Items listed in a dataset
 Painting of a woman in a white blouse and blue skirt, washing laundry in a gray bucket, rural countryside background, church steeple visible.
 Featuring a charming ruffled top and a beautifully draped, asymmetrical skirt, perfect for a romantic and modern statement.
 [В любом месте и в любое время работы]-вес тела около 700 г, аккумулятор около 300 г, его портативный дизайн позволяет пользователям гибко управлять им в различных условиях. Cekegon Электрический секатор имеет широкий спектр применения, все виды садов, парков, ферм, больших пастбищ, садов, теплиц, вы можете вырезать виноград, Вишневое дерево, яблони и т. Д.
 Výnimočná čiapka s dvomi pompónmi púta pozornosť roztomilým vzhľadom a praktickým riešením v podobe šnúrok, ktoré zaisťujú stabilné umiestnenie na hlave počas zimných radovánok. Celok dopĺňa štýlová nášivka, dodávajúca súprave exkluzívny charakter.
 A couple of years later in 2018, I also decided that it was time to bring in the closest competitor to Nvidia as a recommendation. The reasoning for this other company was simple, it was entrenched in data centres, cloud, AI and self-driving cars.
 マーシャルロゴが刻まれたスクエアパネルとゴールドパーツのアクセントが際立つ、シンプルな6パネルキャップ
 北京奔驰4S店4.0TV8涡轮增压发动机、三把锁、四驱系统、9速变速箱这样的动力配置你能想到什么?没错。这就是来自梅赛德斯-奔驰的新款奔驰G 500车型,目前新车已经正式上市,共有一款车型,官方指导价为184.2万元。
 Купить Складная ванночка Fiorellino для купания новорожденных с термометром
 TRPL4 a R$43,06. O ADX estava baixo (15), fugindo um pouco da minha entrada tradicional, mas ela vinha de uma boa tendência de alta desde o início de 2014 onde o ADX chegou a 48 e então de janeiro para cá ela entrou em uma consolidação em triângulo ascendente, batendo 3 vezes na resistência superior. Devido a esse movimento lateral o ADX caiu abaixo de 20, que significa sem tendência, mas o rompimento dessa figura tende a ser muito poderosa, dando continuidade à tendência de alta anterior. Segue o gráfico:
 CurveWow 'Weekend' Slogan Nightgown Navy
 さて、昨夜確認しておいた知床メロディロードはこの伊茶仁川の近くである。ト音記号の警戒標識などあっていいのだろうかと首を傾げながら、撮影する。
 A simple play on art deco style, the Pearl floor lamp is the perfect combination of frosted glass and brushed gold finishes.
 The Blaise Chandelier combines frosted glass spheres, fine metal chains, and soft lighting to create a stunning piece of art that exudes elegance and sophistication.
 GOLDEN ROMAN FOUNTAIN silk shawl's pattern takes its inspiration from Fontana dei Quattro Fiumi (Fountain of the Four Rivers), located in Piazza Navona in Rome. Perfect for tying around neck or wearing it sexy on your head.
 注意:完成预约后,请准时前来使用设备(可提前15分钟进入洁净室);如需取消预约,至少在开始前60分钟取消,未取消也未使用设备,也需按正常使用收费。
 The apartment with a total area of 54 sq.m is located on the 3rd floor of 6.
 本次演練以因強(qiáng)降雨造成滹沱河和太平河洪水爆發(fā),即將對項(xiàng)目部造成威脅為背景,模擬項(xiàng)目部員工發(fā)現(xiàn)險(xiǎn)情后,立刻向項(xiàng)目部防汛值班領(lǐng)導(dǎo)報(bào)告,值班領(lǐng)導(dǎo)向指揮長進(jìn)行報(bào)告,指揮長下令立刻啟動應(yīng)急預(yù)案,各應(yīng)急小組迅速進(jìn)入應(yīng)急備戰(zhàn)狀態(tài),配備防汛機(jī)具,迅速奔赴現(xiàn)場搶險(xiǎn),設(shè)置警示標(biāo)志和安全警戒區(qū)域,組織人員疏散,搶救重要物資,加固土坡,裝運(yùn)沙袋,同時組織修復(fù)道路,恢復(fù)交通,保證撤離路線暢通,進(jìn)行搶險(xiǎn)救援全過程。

Requirement: Look through the records and gather every line containing "floor".

Response area:
 A simple play on art deco style, the Pearl floor lamp is the perfect combination of frosted glass and brushed gold finishes.
 The apartment with a total area of 54 sq.m is located on the 3rd floor of 6.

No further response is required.